The results of the quantitative assessment of the various image capture paths as measured by the Spatial Resolution (figure 2.2) and Grey Scale (figure 2.3) test charts are presented in Table 3.1. Table 3.1
Table 3.1 System Performance as measured by the Spatial Resolution and Grey Scale Test Charts

Unfortunately it was not possible to observe the spatial resolution chart with the Canon Ion Still Video camera because at 12" x 9" the chart was too small to fill the frame at the minimum focusing distance - an essential requirement for accurate quantitative results. The PhotoCD results are considered first and then the different equipment systems are reviewed.

Spatial resolutions achieved by PhotoCD transfers are misleadingly low where the whole of the test chart is displayed on the screen at one time (for a description of the PhotoCD system, see Appendix). The image derived from the print was marginally better than that achieved from the 35mm slide, 400 and 375 lines respectively, but significantly lower than the maximum of 800 TV lines provided by the chart. However, when the originals were examined the photographic print (and therefore the negative) and slide both resolved all 800 lines, and when the PhotoCD image was examined at its higher (photographic) resolution all 800 lines were present. Thus the limiting factor when viewing the whole chart image was the spatial resolving power of the display monitor.

PhotoCD images can be displayed in any one of 5 (sometimes 6) possible resolutions and if the whole image were to be viewed at the highest resolution at 1:1 magnification it would require an array of 16 (4 x 4) monitors to display it. Filling one screen with the complete image means that it is displayed at one sixteenth of its actual size, and at that size spatial resolution performance is limited by the resolution of the display monitor. However if the image is viewed at the PhotoCD photographic resolution (3072 x 2048 pixels) with only a small area of the actual image displayed on the monitor, maximum resolution is revealed. It was only when viewed at this higher resolution that the photographic versions (negative and slide) of the Spatial Resolution Chart revealed the maximum number of TV lines (800). PhotoCD versions of the Grey Scale Chart revealed the maximum number of half tones with no perceptible degradation.

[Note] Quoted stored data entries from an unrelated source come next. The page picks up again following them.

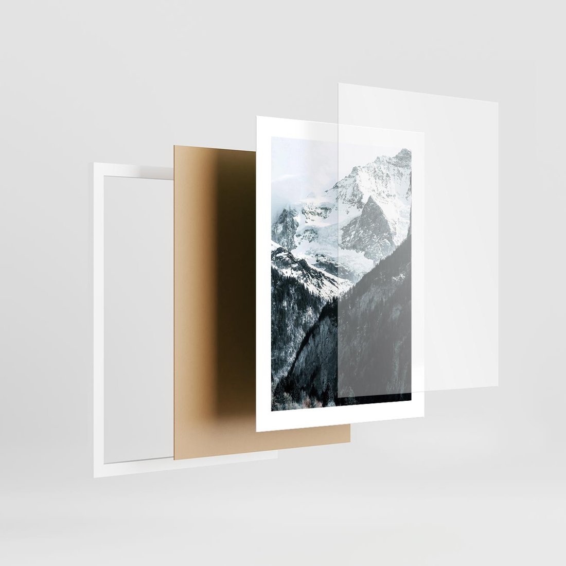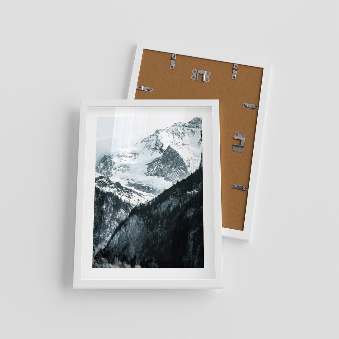 Plakat w ramie 30x40 - Góry w Zimowym Uścisku - góry, ośnieżone szczyty - rama biała
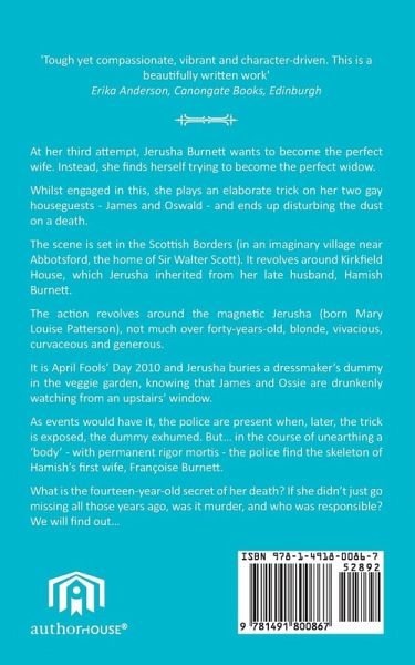At her third attempt, Jerusha Burnett wants to become the perfect wife. Instead, she finds herself trying to become the perfect widow. Whilst engaged in this, she plays an elaborate trick on her two gay house guests - James and Oswald - and ends up disturbing the dust on a death. The scene is set in the Scottish Borders (in an imaginary village near Abbotsford, the home of Sir Walter Scott). It revolves around Kirkfield House, which Jerusha inherited from her late husband, Hamish Burnett. The action revolves around the magnetic Jerusha (born Mary Louise Patterson), not much over forty-years-old, blonde, vivacious, curvaceous and generous. It is April Fools' Day 2010 and Jerusha buries a dressmaker's dummy in the veggie garden, knowing that James and Ossie are drunkenly watching from an upstairs' window. As events would have it, the police are present when, later, the trick is exposed, the dummy exhumed. But... in the course of unearthing a 'body' - with permanent rigor mortis - the police find the skeleton of Hamish's first wife, Françoise Burnett. What is the fourteen-year-old secret of her death? If she didn't just go missing all those years ago, was it murder, and who was responsible? We will find out...
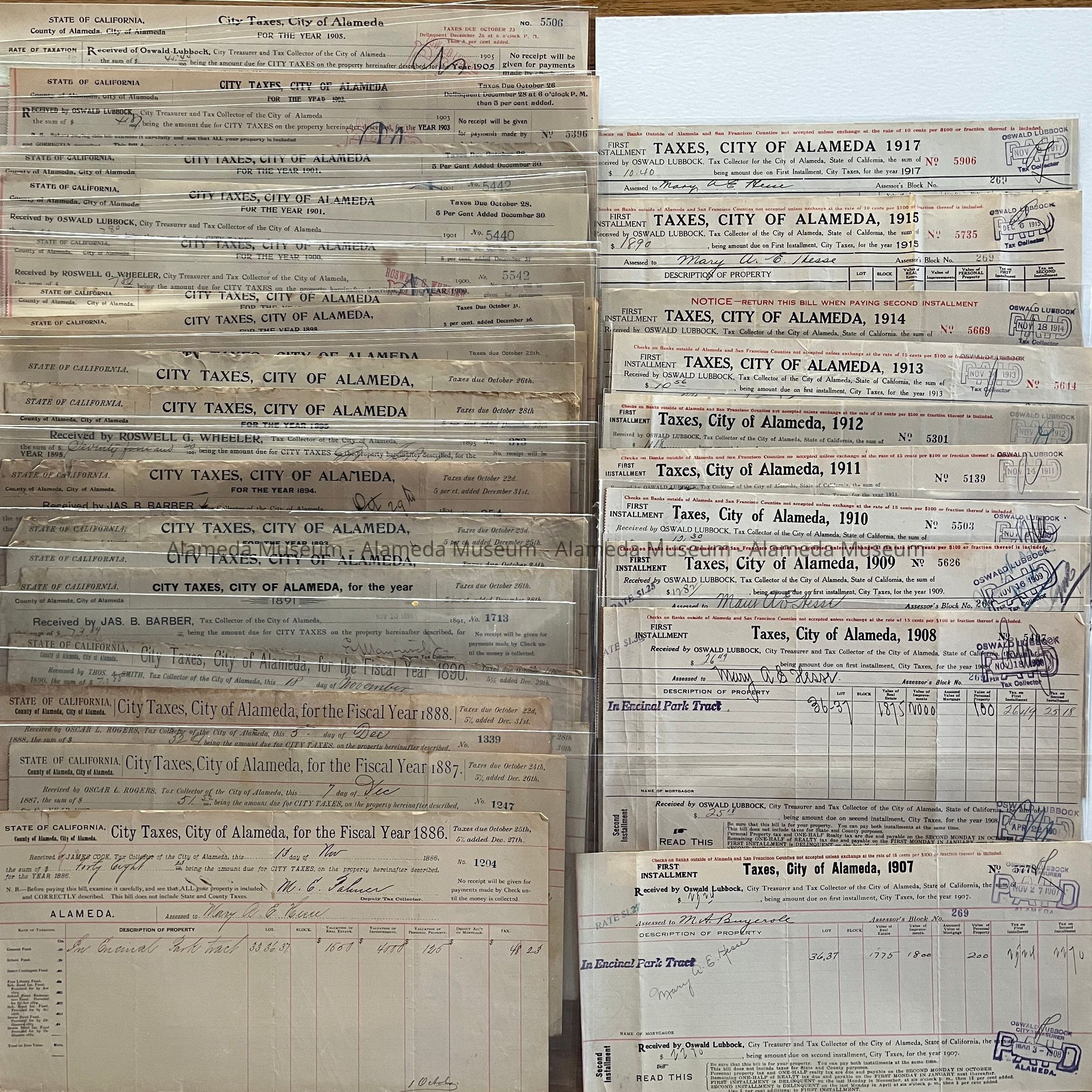 History of Object: City of Alameda Tax forms for Mary A.E. Hesse or Mary A.E. Beyerle (spelled in differing variations), In Encinal Park Tract. The property's address was 1015 Santa Clara Ave., built 1885, still standing today (2023). The Hesse family lived at this address until at least the 1950s, and Walter also owned 6 units behind the house, at 1512-1514 Mozart Street (Building and Engineering news, 1925). These were apparently torn down after his death, the current court dates from 1952.
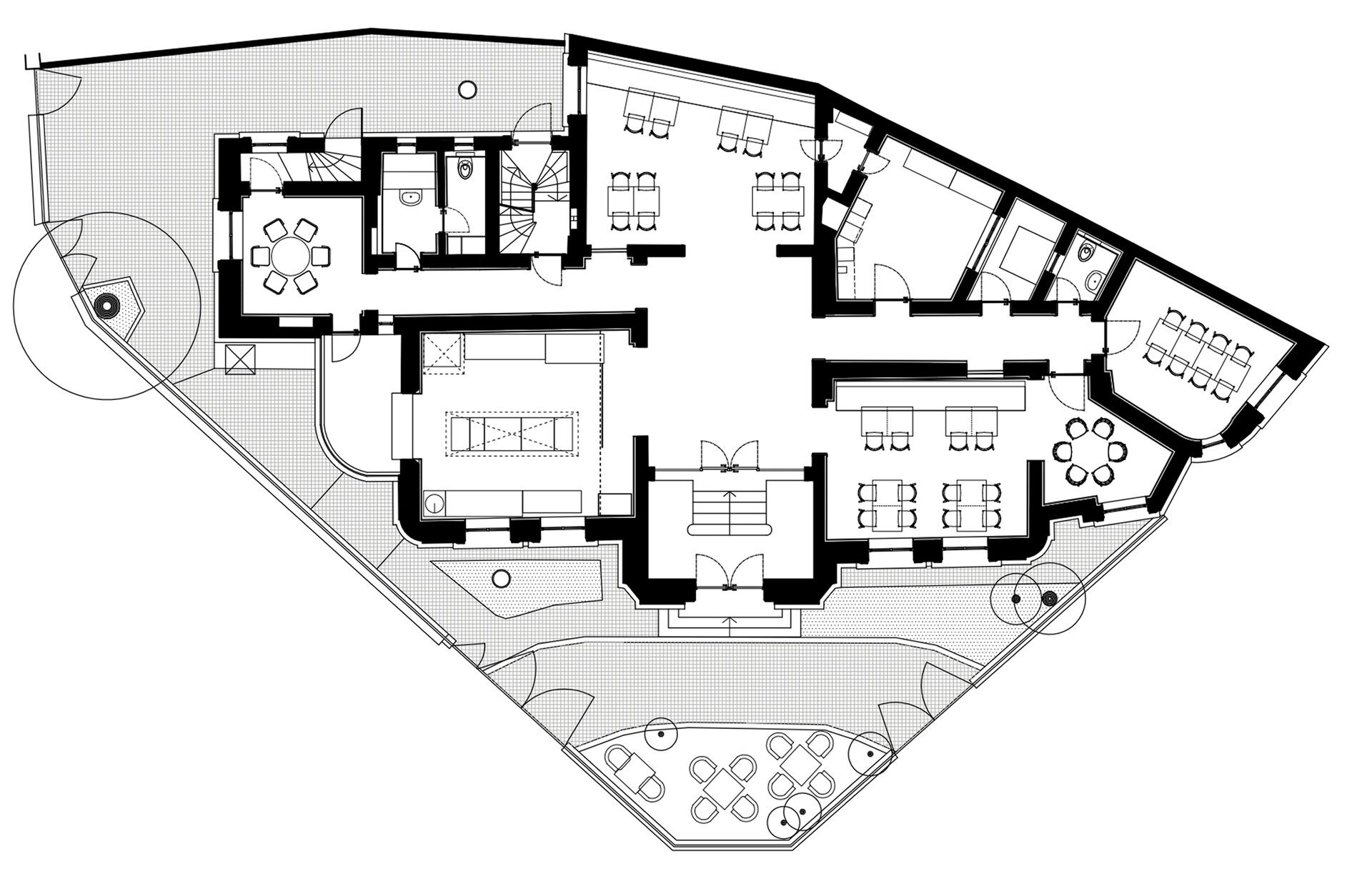 Un accent important al intervenției a fost pus pe recuperarea spațiilor reprezentative. Holul central, vestibulul și sufrageria, încăperi care păstrau fragmente de decorații, au fost restaurate și repuse în valoare ca noduri de memorie ale casei. Cromatica și detaliile au fost reconstituite pentru a păstra atmosfera epocii, integrând totodată soluții contemporane care să permită utilizarea clădirii într-un mod actual.
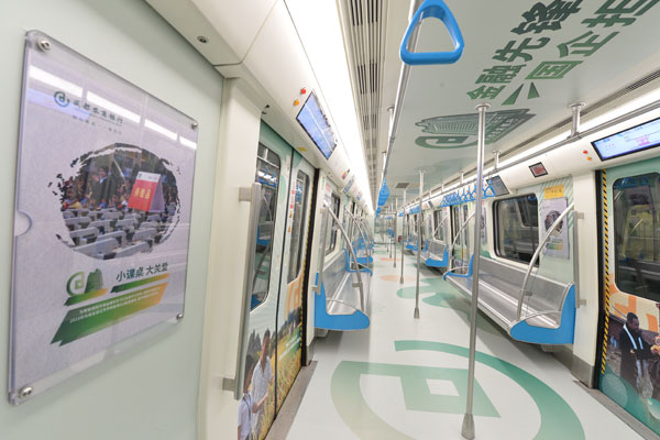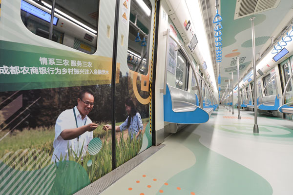 成都地鐵扶貧擔當號主題列車車廂車貼制作安裝
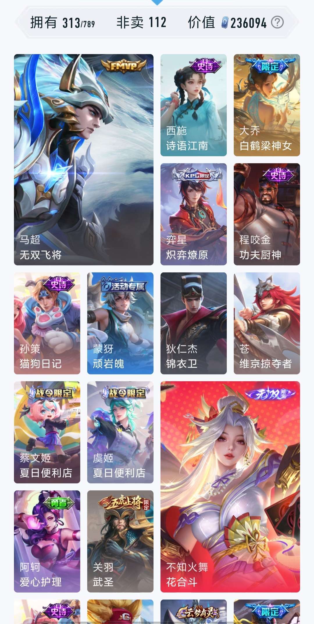 【V10 784皮】安琪拉典藏/李信无双/李元芳星君娄金/马年限定全套/貂蝉馥梦繁花/满珍品/满水晶/满无双/满传说

For the various high cost and low cost system permutations the best results were consistently recorded by the Scanner 1 system which achieved 425 TV lines when capturing the Chart directly or a photographic print of it. Direct capture of the chart using Rostrum Camera 1 was slightly less satisfactory with only 375 lines resolved, whilst capturing a 35mm slide or print of the chart with the same system reduced the resolution to 350 and 325 lines respectively. The low cost systems delivered poorer spatial resolution from three of the six capture combinations (Chart - Rostrum - Digitiser; Chart - Neg. - Print - Rostrum - Digitiser; Chart - Scanner) and comparable results from the remainder (Chart - Slide - Rostrum - Digitiser; Chart - Neg. - Print - Scanner and Chart - Videotape Frame - Digitiser). The use of videotape frame capture pathways resulted in a significant loss of quality as measured in terms of spatial resolution compared with the other methods of capture.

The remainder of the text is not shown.